Yes, very logical indeed – if your goal is to replace the population of the U.S. and turn it into a third world country. The commentator is right that the double whammy of family planning and badly managed mandatory “social security” might force remaining whites to either give up on their elderly or give up their nation.
If this were a game of chess, then those who seek the dispossession of whites would be saying “checkmate”. But the Japanese are showing that there are other options. Japan is at the cutting edge of robotic technologies that promise to make life much easier for an aging population. If we can mass produce robots that can dress us, feed us, call for medical help in an emergency, shop for us or even keep us company – then do we really need to import millions of aliens to do these things for us? As for the money, I do not believe it is the quantity of money that matters. Rather, it is the quality of care and, if quality care can be provided cheaply, then we can turn the tables on our enemies. It is worth mentioning that robots are not likely to abuse their charges, nor to steal from them or neglect them. They are also not likely to make us feel like aliens in our own lands.
Financially I don’t think this really matters compared to:
http://www.presstv.ir/detail/157817.html
Baby boomers simply won’t be retiring, and those currently retiring will be forced back into the work force once it all goes to hell.
If you are a casual fan of Alex Jones which it seems like you then all the causes of our financial woes are hightlighted there, though he doesn’t get into non-white immigration, he certainly is against the mexification of America and Illegal immigrants.
And more, if the first doesn’t scare the pants off you this next one is probably too much for most people to take. I completely agree with you and Amren about the issues that you focus on, but now in the very near future we will care a heck of a lot more about just putting food on the table compared to who the hell is coming in legally or illegally.
I’ve heard many white nationalists claim that we need a total collapse in order to shake the non-whites from us, but is that truely a world where anyone wants to live in? A collapsed society will be complete anarchy and the only government that you’d see would be the military and police keeping marshal law by extreme force.

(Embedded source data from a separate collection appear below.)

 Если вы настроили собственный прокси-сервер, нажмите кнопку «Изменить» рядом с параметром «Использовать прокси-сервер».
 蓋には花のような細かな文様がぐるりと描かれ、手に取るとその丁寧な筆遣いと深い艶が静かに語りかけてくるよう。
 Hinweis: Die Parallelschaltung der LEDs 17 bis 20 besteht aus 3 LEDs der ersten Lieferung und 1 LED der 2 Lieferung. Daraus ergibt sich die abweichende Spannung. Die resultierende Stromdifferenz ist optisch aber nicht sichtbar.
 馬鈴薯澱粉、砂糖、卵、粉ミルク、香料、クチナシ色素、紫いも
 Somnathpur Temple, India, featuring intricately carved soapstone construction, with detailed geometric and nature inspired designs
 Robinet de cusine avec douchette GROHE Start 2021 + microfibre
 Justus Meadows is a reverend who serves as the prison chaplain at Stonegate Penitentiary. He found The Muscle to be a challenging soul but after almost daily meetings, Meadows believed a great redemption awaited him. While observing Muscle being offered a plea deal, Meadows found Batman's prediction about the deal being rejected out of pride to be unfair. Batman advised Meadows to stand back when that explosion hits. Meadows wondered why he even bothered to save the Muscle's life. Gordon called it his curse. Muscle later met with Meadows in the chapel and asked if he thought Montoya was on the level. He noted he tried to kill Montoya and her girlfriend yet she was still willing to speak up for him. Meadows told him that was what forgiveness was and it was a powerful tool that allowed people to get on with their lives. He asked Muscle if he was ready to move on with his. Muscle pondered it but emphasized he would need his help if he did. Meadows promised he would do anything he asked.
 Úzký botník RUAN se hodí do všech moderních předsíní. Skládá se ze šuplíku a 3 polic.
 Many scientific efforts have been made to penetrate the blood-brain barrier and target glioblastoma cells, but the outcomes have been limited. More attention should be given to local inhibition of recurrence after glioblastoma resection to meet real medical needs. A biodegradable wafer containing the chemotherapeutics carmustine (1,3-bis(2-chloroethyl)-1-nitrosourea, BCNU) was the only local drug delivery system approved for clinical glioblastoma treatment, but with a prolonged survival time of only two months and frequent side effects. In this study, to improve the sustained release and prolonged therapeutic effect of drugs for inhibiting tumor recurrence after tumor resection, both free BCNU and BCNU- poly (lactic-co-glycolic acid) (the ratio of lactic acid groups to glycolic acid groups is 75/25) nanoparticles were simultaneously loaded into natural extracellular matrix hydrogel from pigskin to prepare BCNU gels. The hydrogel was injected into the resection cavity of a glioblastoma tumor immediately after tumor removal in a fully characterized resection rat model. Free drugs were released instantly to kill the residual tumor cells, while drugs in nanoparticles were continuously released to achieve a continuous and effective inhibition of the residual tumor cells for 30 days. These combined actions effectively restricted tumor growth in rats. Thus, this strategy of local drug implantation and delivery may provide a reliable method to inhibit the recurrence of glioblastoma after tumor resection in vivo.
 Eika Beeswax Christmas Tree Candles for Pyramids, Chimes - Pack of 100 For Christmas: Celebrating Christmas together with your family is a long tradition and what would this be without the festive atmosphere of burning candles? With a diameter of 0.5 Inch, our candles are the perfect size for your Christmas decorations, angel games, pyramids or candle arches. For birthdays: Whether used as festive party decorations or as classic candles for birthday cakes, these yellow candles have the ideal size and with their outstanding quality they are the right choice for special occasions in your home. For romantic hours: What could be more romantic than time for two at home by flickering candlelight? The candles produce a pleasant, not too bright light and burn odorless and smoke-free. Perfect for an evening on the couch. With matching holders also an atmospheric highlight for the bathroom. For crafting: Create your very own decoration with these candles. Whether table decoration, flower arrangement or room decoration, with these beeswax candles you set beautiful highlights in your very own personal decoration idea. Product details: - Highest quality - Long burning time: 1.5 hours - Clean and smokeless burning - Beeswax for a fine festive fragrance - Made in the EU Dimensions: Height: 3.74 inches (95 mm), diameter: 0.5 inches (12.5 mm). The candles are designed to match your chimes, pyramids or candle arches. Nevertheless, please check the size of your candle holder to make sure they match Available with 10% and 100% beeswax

http://www.youtube.com/watch?v=WRvjufH29vE&feature=player_embedded#!
Yeah. Scary stuff.
Hey Jewamongyou! An article in The Oregonian claims: A couple earning $89,000 a year would pay into Medicare $114,000 over their lifetime. They would likely consume $355,000 in medical expenses while on medicare. About triple what they paid in!
The fact is, new procedures and medicines are expensive. When it comes to keeping someone alive, deciding not to undergo a procedure due to cost is an impossible decision. The choices are grim: Price controls? “End of life counselling”? I don’t pretend to have the answer.
Social security is in much better shape than medicare. It can pay out full benefits until 2036. We could change our policies making it easier for people here to have and care for children and have a little baby boom helping to fix this problem.
Milton Friedman claimed the reason countries like Japan faced sluggish economic growth was due to their generous social safety net. People were not motivated by fear, they knew if they lost their job they would receive benefits for years. So governments in the west have been on a nonstop fear-mongering propaganda campaign, trying to scare people into working harder. I’m not saying there is not any problem, just that it is overblown!